Task item —
Would you please return the line containing "1-комнатная — 35,5" and all the lines after it through the end of the records below, unchanged and on their own?

Dataset entries:
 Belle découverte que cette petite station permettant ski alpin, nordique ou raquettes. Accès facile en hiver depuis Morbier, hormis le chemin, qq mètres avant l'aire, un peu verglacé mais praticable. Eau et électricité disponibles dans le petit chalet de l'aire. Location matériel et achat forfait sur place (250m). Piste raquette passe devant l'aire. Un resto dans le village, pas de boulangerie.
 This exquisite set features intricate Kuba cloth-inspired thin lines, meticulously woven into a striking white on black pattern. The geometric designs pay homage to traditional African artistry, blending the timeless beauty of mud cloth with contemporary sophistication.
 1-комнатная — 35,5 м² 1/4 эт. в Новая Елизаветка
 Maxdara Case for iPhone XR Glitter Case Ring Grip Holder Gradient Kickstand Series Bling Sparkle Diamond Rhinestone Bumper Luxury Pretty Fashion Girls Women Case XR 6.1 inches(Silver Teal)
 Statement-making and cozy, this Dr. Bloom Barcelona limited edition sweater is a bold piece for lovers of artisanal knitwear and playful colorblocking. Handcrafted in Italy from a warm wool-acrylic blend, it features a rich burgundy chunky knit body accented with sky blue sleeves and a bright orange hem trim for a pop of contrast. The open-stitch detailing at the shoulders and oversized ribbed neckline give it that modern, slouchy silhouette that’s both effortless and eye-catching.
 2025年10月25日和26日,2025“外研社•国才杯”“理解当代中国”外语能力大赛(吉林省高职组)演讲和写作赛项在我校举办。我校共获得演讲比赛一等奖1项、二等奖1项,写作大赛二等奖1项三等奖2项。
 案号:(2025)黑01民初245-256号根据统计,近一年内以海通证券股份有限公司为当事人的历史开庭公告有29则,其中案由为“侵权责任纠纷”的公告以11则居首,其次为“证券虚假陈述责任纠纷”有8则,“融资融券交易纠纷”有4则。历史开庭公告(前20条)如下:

Answer space —
 1-комнатная — 35,5 м² 1/4 эт. в Новая Елизаветка
 Maxdara Case for iPhone XR Glitter Case Ring Grip Holder Gradient Kickstand Series Bling Sparkle Diamond Rhinestone Bumper Luxury Pretty Fashion Girls Women Case XR 6.1 inches(Silver Teal)
 Statement-making and cozy, this Dr. Bloom Barcelona limited edition sweater is a bold piece for lovers of artisanal knitwear and playful colorblocking. Handcrafted in Italy from a warm wool-acrylic blend, it features a rich burgundy chunky knit body accented with sky blue sleeves and a bright orange hem trim for a pop of contrast. The open-stitch detailing at the shoulders and oversized ribbed neckline give it that modern, slouchy silhouette that’s both effortless and eye-catching.
 2025年10月25日和26日,2025“外研社•国才杯”“理解当代中国”外语能力大赛(吉林省高职组)演讲和写作赛项在我校举办。我校共获得演讲比赛一等奖1项、二等奖1项,写作大赛二等奖1项三等奖2项。
 案号:(2025)黑01民初245-256号根据统计,近一年内以海通证券股份有限公司为当事人的历史开庭公告有29则,其中案由为“侵权责任纠纷”的公告以11则居首,其次为“证券虚假陈述责任纠纷”有8则,“融资融券交易纠纷”有4则。历史开庭公告(前20条)如下:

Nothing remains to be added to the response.